The mRNA encoding variant surface glycoprotein (VSG), the major surface protein of bloodstream-form trypanosomes, is stable in bloodstream forms and unstable in procyclic forms. Analysis of proteins that copurified with the VSG mRNA, but not alpha-tubulin mRNA, revealed a cyclin-like F box protein, CFB2, and H(N/D)PY – containing RNA-binding protein that is the major regulator of VSG mRNA abundance, along with the components of the MKT1 complex and EIF4G5 (Melo do Nascimento et al., Reference Melo do Nascimento, Egler, Arnold, Papavisiliou, Clayton and Erben2021). Once again, ZC3H28 was also among the proteins that were specifically enriched with VSG mRNA (Melo do Nascimento et al., Reference Melo do Nascimento, Egler, Arnold, Papavisiliou, Clayton and Erben2021).
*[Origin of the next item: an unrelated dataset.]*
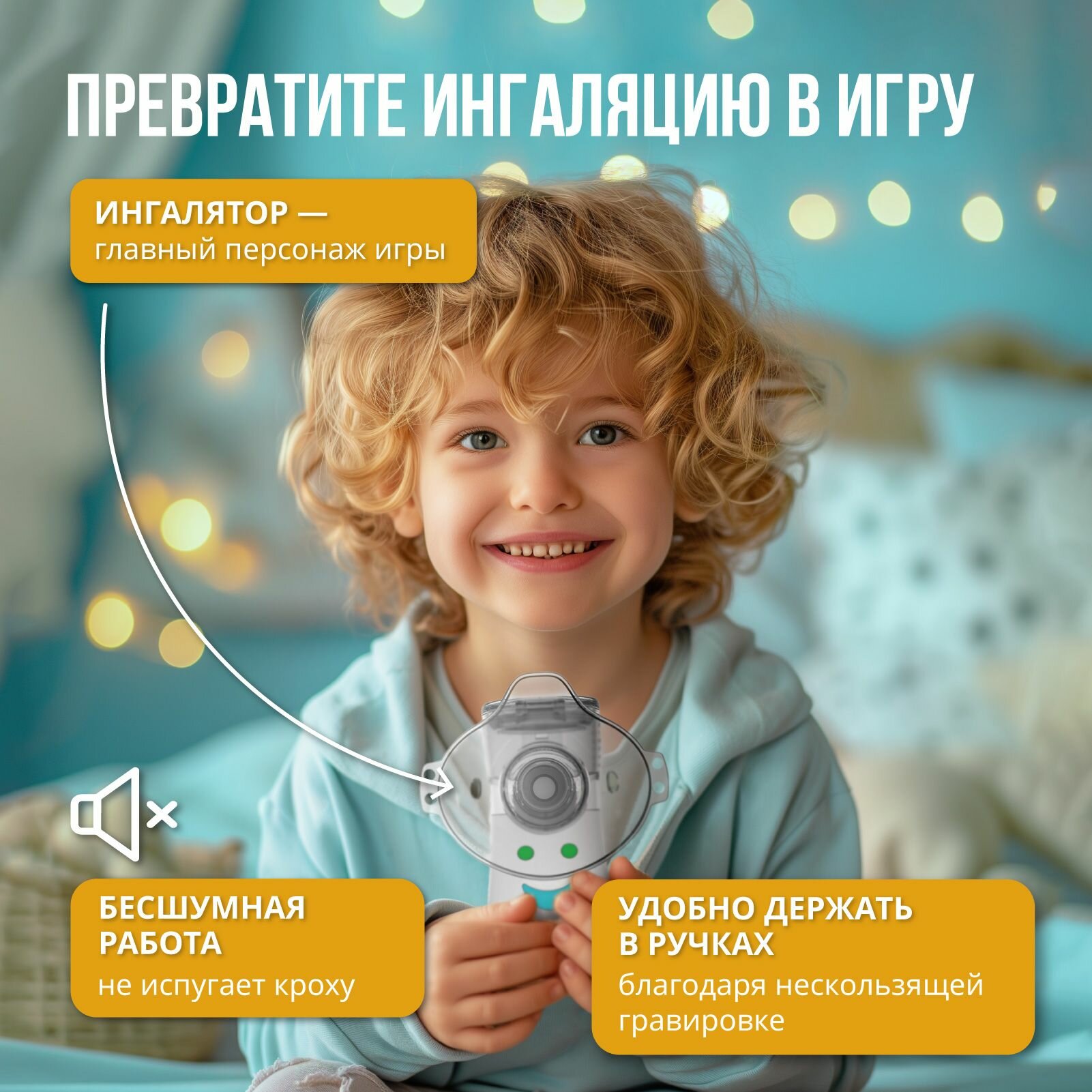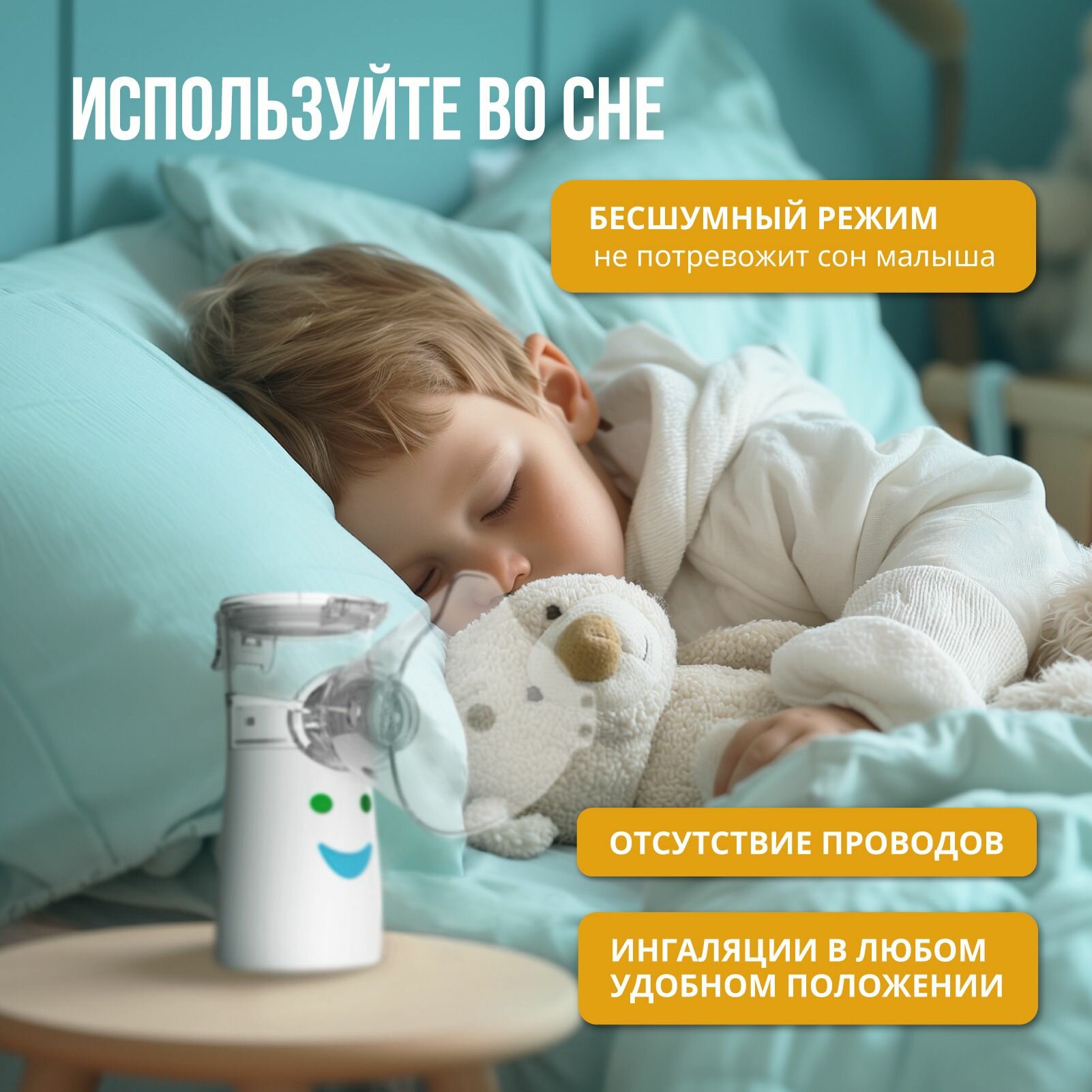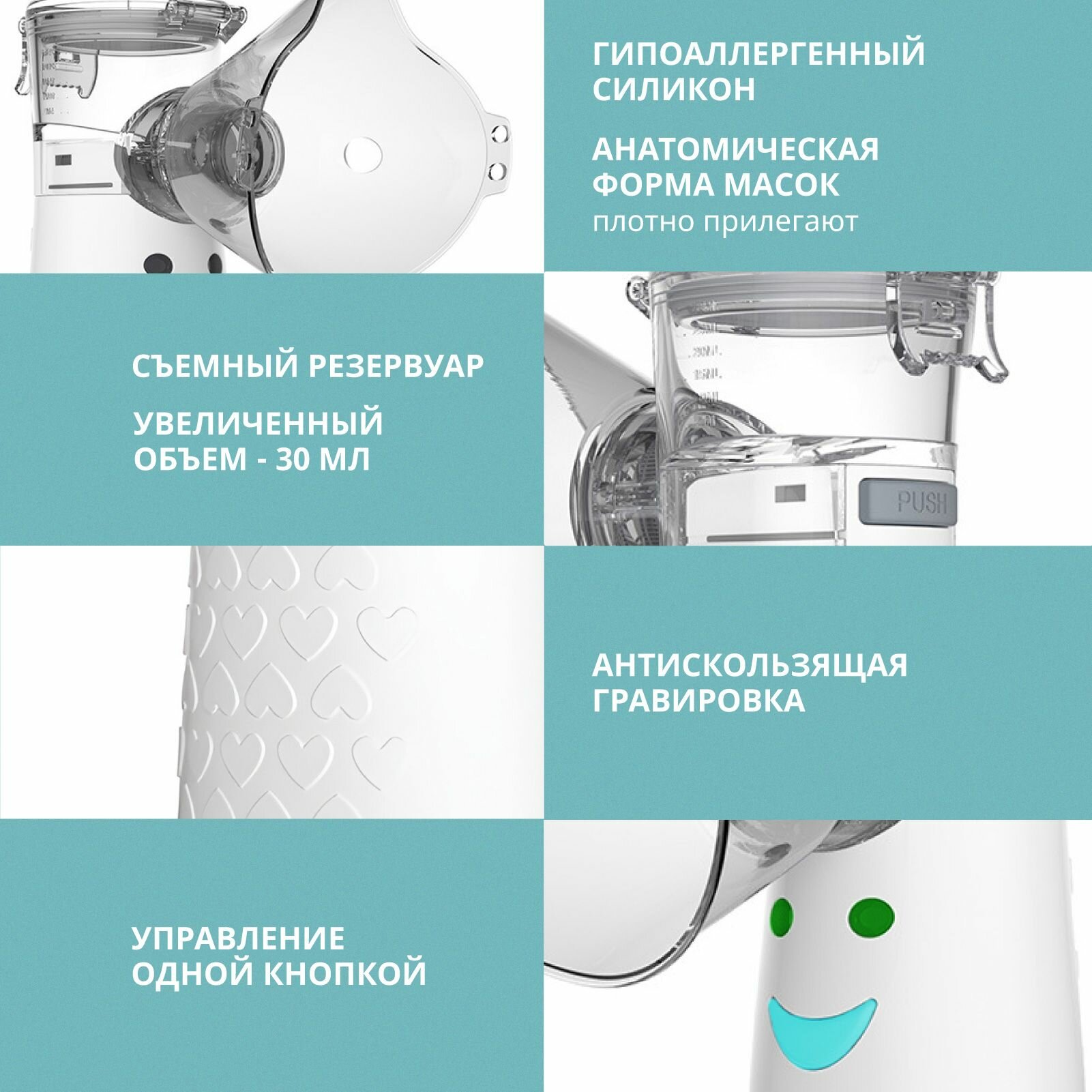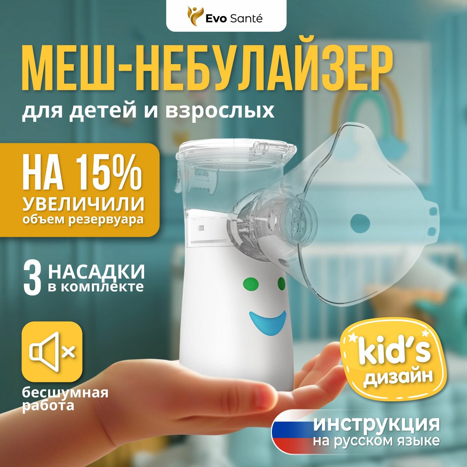 Купить Меш-небулайзер портативный. Небулайзер детский. Ингалятор для детей Evo Sante, 30 мл, 3 насадки, наклейки с доставкой по всей России.

Since ZC3H28 had been identified in several different contexts, we decided here to find out more about its function, by investigating its interactions with mRNAs and proteins and the effects of ZC3H28 depletion on the transcriptome.
Materials and methods
Trypanosome culture and modification
The experiments in this study were carried out using monomorphic T. brucei Lister 427 bloodstream from parasites constitutively expressing the Tet-repressor (Alibu et al., Reference Alibu, Storm, Haile, Clayton and Horn2005). The parasites were cultured at 37°C as routinely in HMI-9 medium supplemented with 10% heat-inactivated fetal bovine serum (v/v), 1% (v/v) penicillin/streptomycin solution (Labochem international, Germany), 15 μ m L-cysteine and 0.2 mm β-mercaptoethanol in the presence of 5% CO2 and 95% humidity. During proliferation, the cells were diluted to 1 × 105 cells mL−1 and maintained in density between 0.2–2 × 106 as described in Clayton (Reference Clayton1999). Cell densities were determined using a Neubauer chamber. For generation of stable cell lines, ~1–2 × 107 cells were transfected by electroporation with 10 μg of linearized plasmid at 1.5 kV on an AMAXA Nucleofector. Selection of newly transfectants was done after addition of appropriate antibiotic at the following concentrations: 1 μg mL−1 puromycin, 2.5 μg mL−1 phleomycin (InvivoGen), 5 μg mL−1 hygromycin B (Calbio-chem) and 10 μg mL−1 blasticidin (InvivoGen). Independent clones were obtained by serial dilution.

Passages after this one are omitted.